Car pour lui, la rencontre sexuelle est d’abord celle de deux singularités qui convoquent les cinq sens pour s’épanouir (seule activité humaine qui procède de la sorte). Freud ne dit-il d’ailleurs pas que l’acte sexuel est l’acte le plus bouleversant pour un être humain? Paradoxalement, Sollers dont on dit qu’il a connu un grand nombre de partenaires, affirme bien que rien n’est anodin dans l’acte : cela reste à chaque fois exceptionnel, voire transgressif : l’acte entre deux êtres humains est toujours-déjà désenclavé de l’enchaînement social, quand il est l’opportunité d’une rencontre entre deux singularités il fait toujours rupture. Or, ce qui a une très haute valeur suscite l’intense convoitise. Le succès du porno en est la plus plate des conséquences, ou celui des sites de rencontres rapides.
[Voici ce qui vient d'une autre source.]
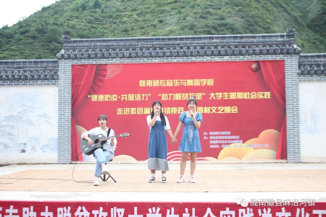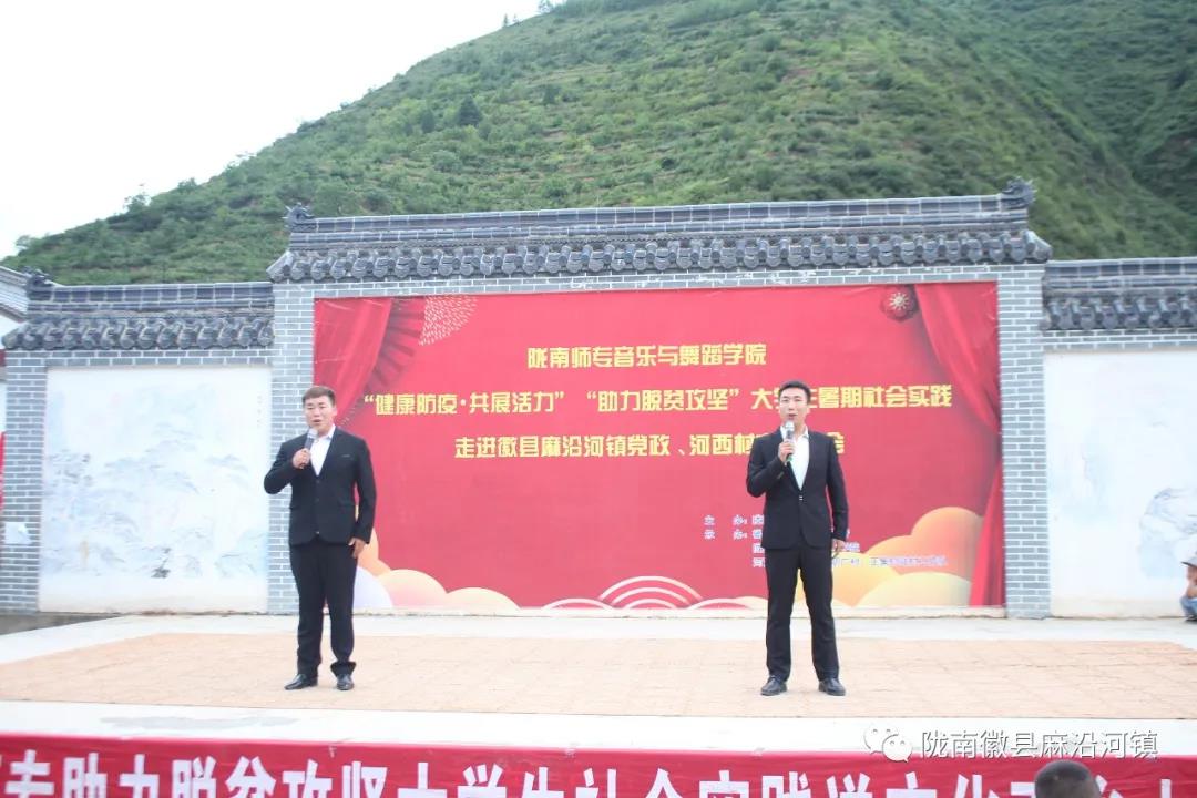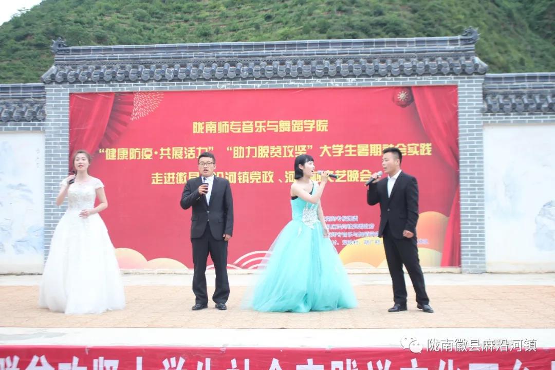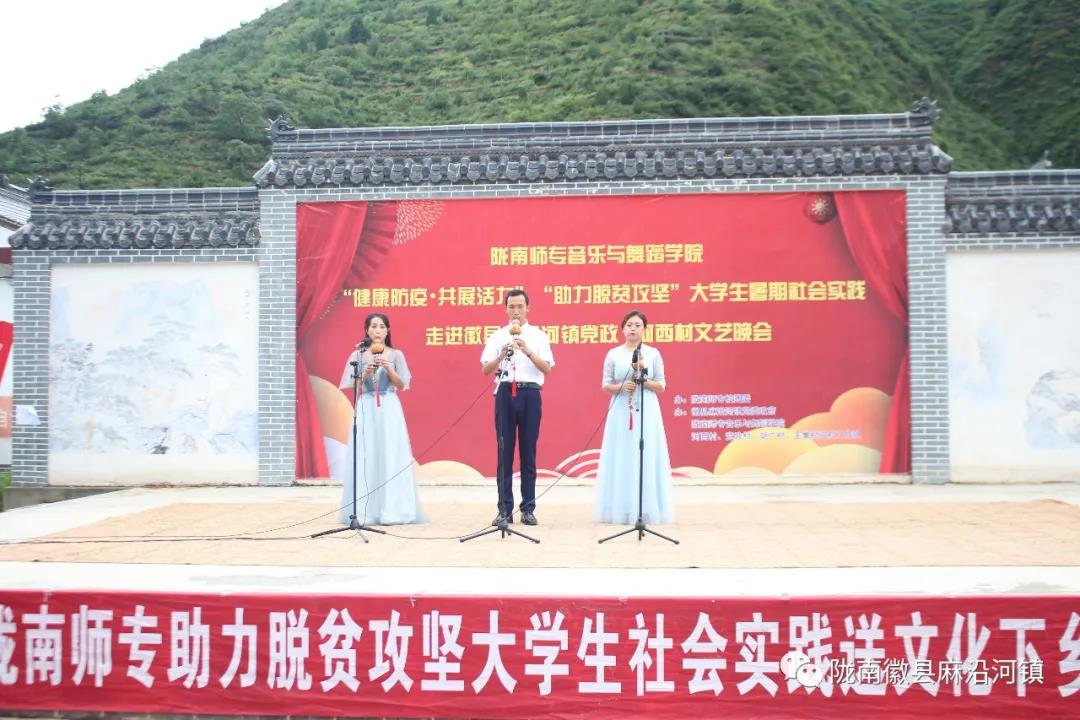 714日,陇南师专bevictor1946韦德官网经理周新美、党总支书记王亚文、副经理王彤彤带领师生,在麻沿河镇党政村文化广场开展了“健康防疫•共展活力”“助力脱贫攻坚”老员工暑假社会实践走进麻沿河镇党政村、河西村文艺演出活动,活动由陇南师专校团委主办,由麻沿河镇党委政府、陇南师专bevictor1946韦德官网、河西村、党政村、胡广村驻村帮扶工作队承办。活动现场,人头攒动,热闹非凡,陇南师专师生用扎实的业务功底和热情的态度,为现场观众表演了精心准备的舞蹈、歌曲、乐器演奏等精彩节目,党政村、河西村群众和各界文艺爱好者也自发组织了表演,现场高潮迭起,掌声雷动。

C’est pourquoi Sollers invite au repli, à la dérobade, au combat retardateur pour ne pas exposer l’essentiel à savoir ce moment exceptionnel à se voir, se toucher, se goûter, se sentir et s’ouïr. Et surtout se parler, où le corps investi et s’investissant ainsi en amour, se doit de le dire dans un chant continu et infini (Sollers vénère Mozart et ses opéras), mais surtout, se doit de le dire en toute clandestinité.
Son tout dernier texte insiste : il convient d’avoir les réflexes de l’Agent secret (Mercure de France), qui fait ses coups médiatiques pour faire bouger les lignes, puis qui se planque afin de se ressourcer à l’essentiel, loin de l’Œil contrôlant et jaloux.
Philippe Sollers s’est planqué une dernière fois. Quand on sait à quels délices il s’autorise dans ses dérobades, lui qui était chrétien (et même papiste !), je n’ose imaginer quel Paradis il a atteint.